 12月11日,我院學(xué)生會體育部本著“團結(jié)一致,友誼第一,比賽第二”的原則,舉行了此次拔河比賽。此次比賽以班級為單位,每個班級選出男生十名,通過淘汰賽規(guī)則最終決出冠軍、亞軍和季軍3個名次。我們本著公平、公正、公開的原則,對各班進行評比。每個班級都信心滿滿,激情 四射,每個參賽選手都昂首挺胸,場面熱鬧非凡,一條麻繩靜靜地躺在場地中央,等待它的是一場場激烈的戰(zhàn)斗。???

---

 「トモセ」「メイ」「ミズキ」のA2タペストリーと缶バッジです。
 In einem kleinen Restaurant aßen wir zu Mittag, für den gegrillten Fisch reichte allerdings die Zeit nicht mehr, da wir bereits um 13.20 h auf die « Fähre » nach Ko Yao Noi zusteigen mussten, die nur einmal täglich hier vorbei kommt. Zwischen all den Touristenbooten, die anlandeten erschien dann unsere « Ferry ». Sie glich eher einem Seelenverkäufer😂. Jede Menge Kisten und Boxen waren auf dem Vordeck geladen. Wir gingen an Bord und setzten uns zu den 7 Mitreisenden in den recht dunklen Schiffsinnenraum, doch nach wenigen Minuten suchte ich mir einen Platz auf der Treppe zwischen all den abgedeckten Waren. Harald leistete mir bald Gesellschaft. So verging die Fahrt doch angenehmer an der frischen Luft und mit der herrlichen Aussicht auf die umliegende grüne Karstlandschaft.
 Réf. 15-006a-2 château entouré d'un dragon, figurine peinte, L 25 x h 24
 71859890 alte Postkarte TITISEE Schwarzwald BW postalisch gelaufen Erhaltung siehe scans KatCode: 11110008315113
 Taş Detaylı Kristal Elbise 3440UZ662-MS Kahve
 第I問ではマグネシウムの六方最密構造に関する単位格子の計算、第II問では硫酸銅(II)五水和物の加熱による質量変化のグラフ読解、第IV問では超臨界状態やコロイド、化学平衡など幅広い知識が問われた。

* * *

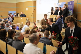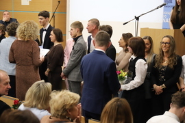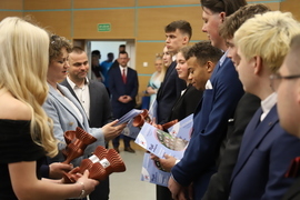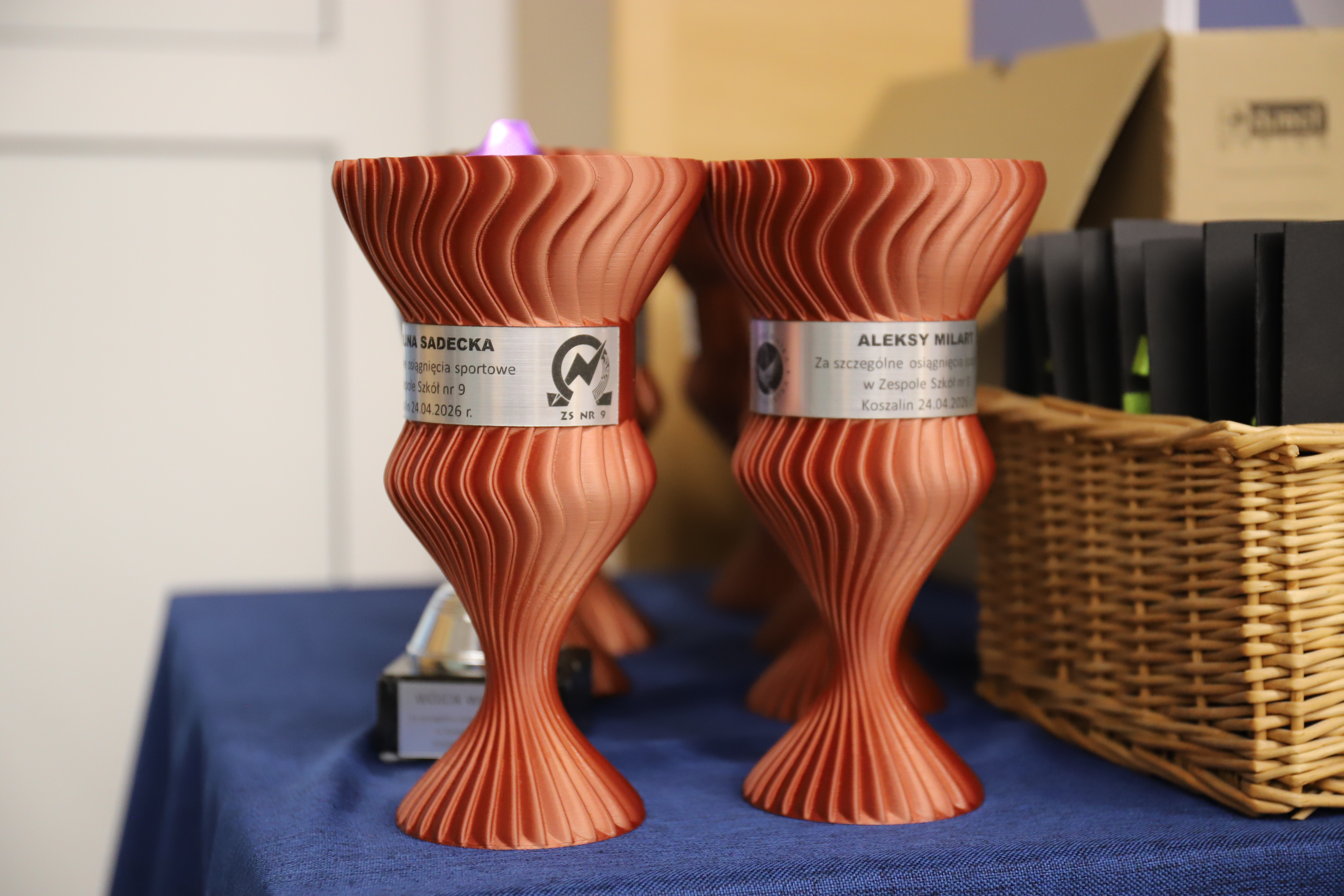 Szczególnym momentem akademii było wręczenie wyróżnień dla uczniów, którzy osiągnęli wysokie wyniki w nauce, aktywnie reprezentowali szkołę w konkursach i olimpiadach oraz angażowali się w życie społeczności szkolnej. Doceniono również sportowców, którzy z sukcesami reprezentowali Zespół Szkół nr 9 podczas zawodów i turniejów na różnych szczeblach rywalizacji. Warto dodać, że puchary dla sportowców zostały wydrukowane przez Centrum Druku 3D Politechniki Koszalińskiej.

• [Task statement] Reproduce word for word the material above, starting with the line that has "Taş Detaylı Kristal" and stopping after the line that has "第I問ではマグネシウムの六方".

• [The answer]
 Taş Detaylı Kristal Elbise 3440UZ662-MS Kahve
 第I問ではマグネシウムの六方最密構造に関する単位格子の計算、第II問では硫酸銅(II)五水和物の加熱による質量変化のグラフ読解、第IV問では超臨界状態やコロイド、化学平衡など幅広い知識が問われた。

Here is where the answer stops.